- [Problem to solve]: The copy should hold exactly the lines below from the one that contains "Attractive earthenware pot" through the one that contains "- Mock neck" and nothing else, so no pictures.

- [Dataset content]:
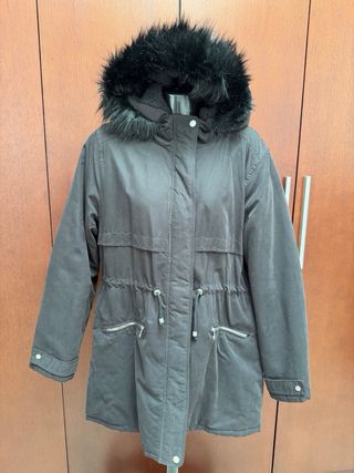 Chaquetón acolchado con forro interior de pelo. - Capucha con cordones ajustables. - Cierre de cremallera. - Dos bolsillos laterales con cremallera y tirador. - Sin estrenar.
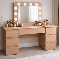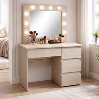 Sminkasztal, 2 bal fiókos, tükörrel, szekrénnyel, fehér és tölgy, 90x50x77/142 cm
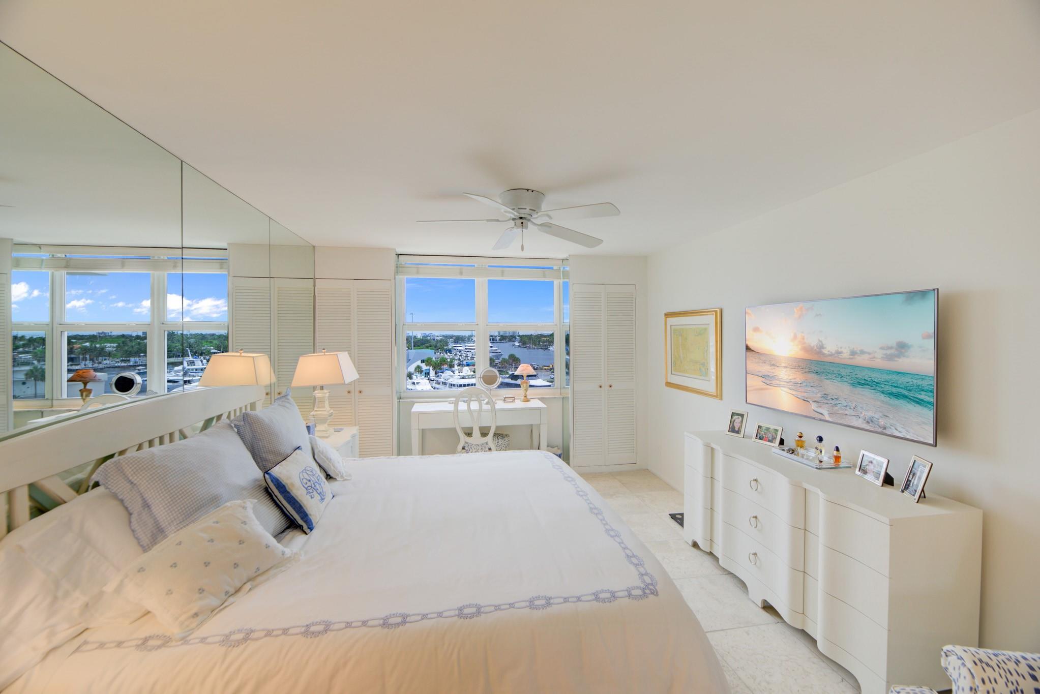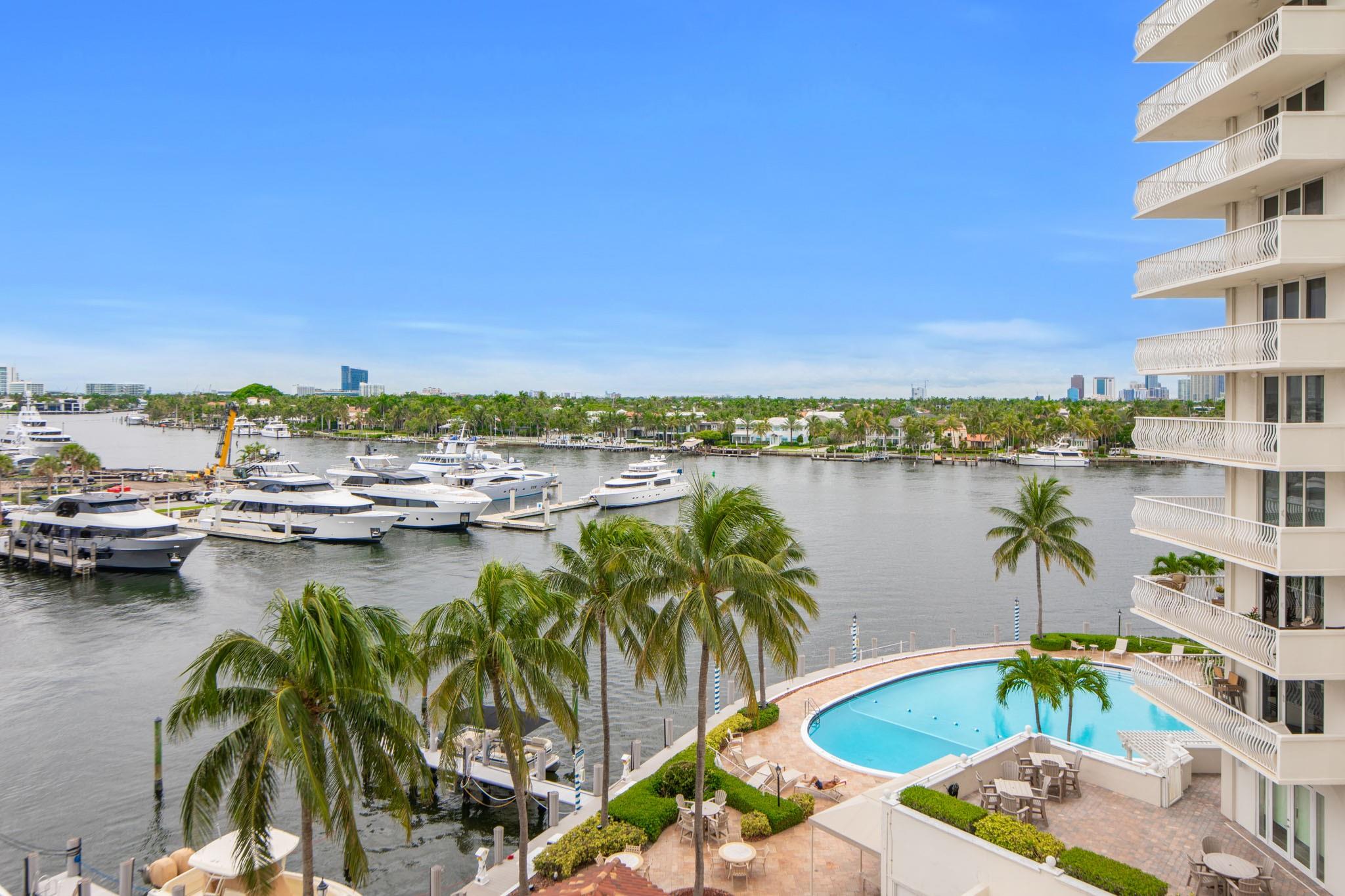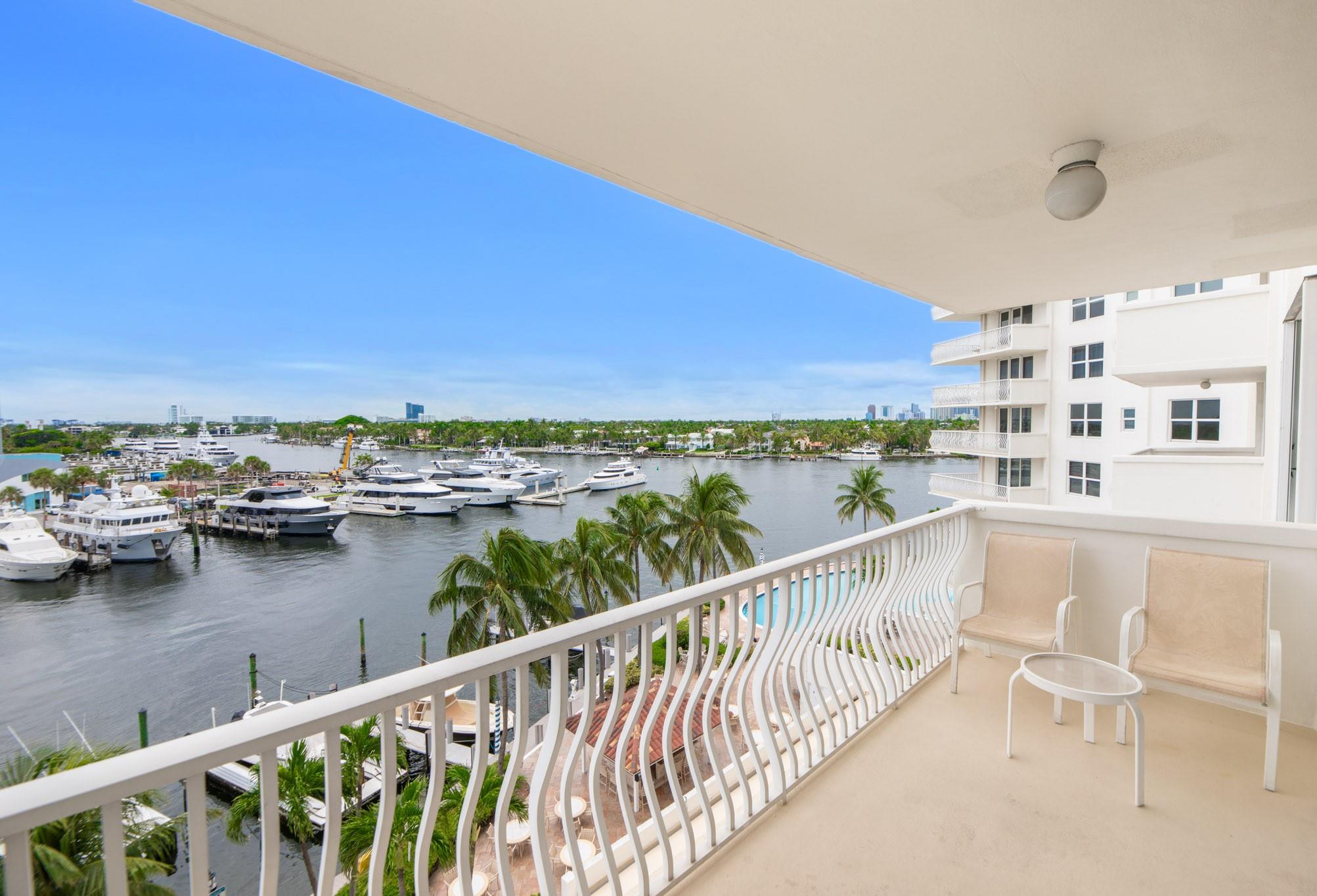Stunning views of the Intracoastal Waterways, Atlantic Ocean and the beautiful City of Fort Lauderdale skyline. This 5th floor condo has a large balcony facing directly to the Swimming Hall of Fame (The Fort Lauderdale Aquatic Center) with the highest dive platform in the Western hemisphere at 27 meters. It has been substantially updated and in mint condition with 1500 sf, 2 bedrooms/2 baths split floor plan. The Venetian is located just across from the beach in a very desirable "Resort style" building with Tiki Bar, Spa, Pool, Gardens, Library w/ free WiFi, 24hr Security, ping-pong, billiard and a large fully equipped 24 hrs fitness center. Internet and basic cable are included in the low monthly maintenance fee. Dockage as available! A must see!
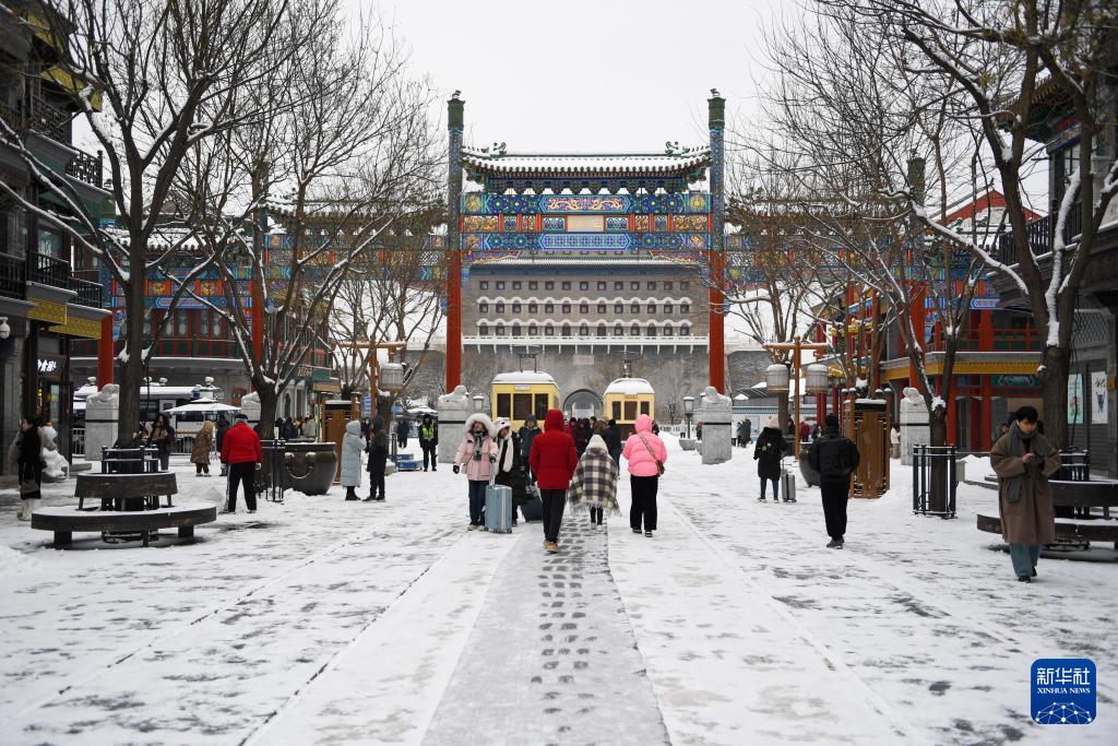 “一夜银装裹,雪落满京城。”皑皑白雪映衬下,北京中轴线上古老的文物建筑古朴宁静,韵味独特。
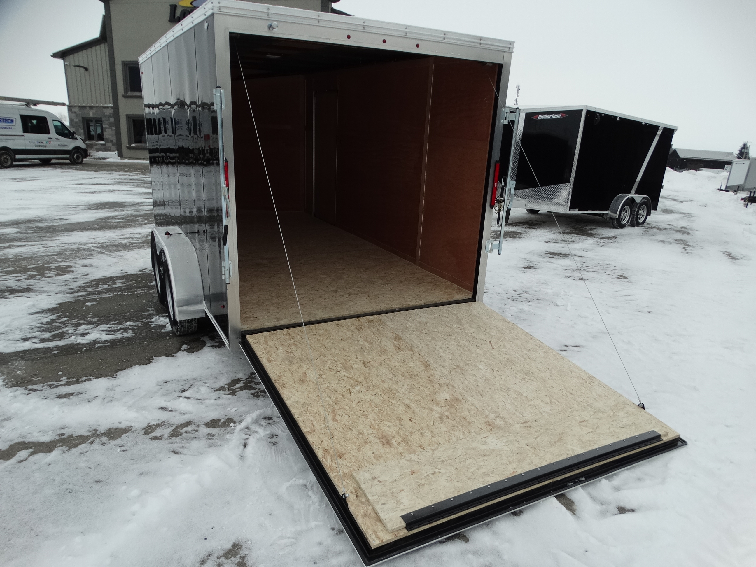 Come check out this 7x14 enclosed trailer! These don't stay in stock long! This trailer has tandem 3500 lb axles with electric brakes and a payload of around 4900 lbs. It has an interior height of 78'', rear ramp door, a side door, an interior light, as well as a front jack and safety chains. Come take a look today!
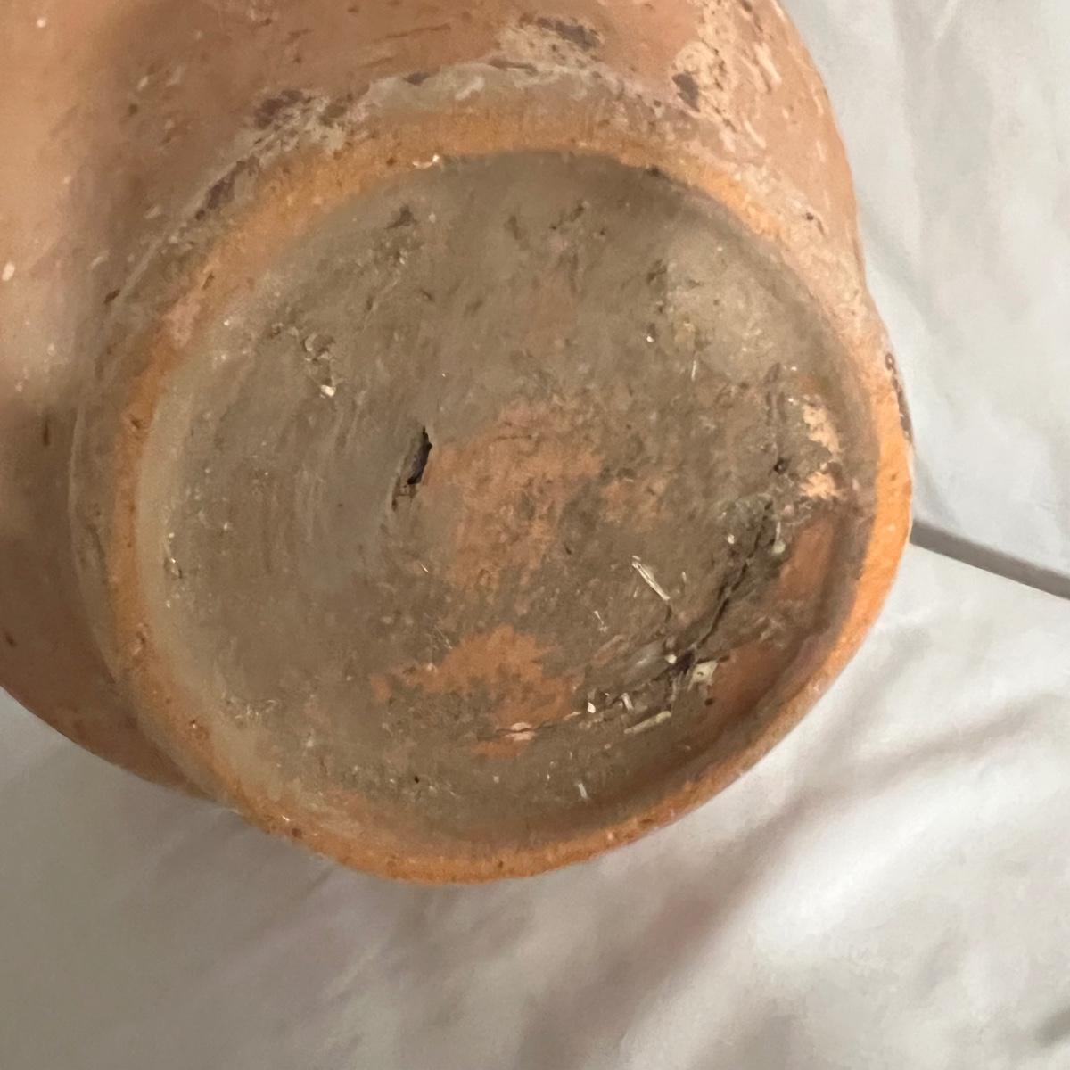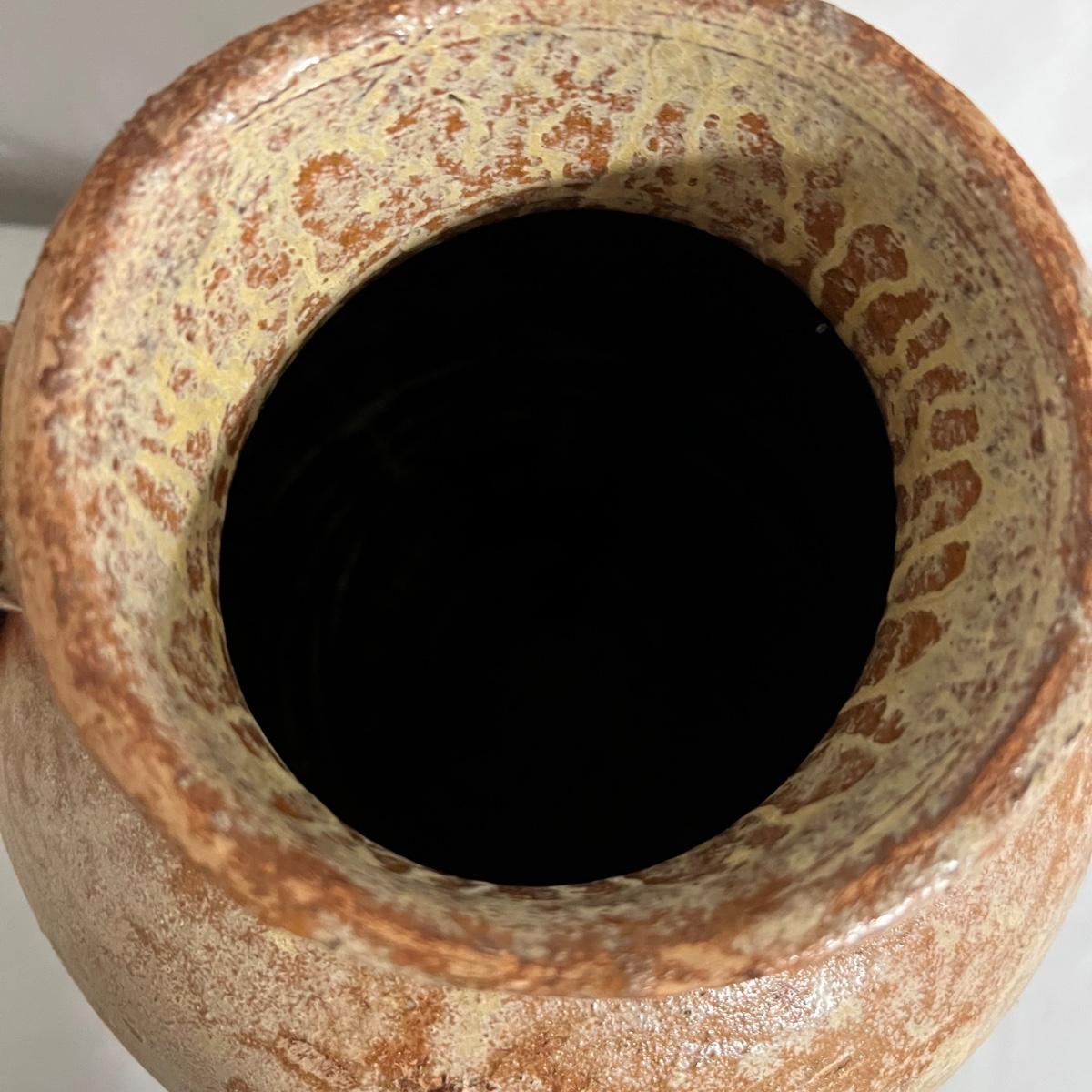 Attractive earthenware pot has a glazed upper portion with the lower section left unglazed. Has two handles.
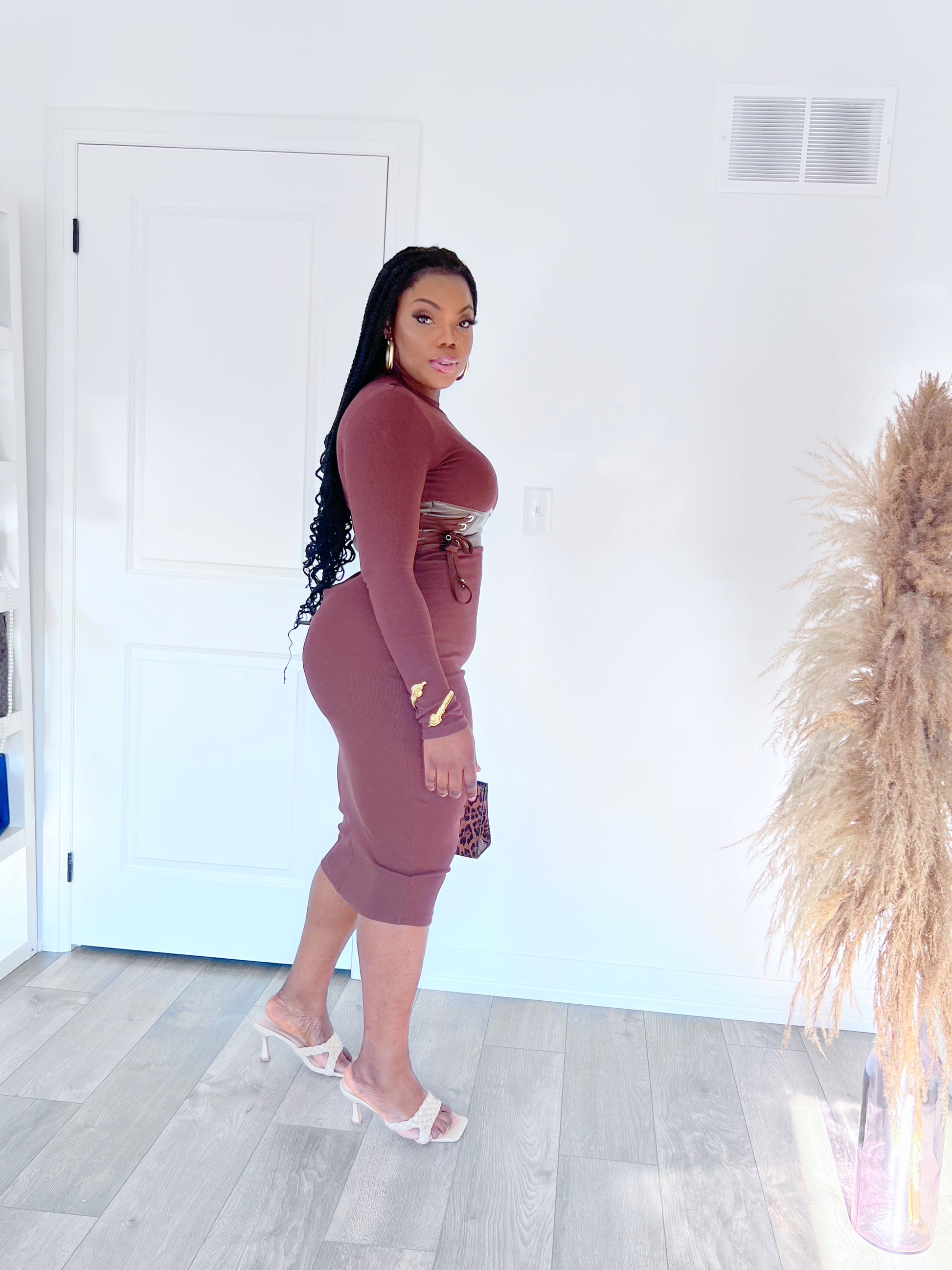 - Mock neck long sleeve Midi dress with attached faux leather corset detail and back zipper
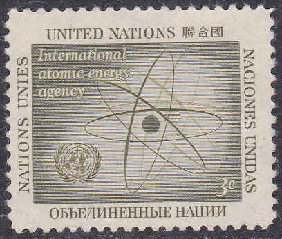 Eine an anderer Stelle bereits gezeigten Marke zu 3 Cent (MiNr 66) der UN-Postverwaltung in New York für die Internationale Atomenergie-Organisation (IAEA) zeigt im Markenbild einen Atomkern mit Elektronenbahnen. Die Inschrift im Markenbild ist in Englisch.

- [Written answer]:
 Attractive earthenware pot has a glazed upper portion with the lower section left unglazed. Has two handles.
 - Mock neck long sleeve Midi dress with attached faux leather corset detail and back zipper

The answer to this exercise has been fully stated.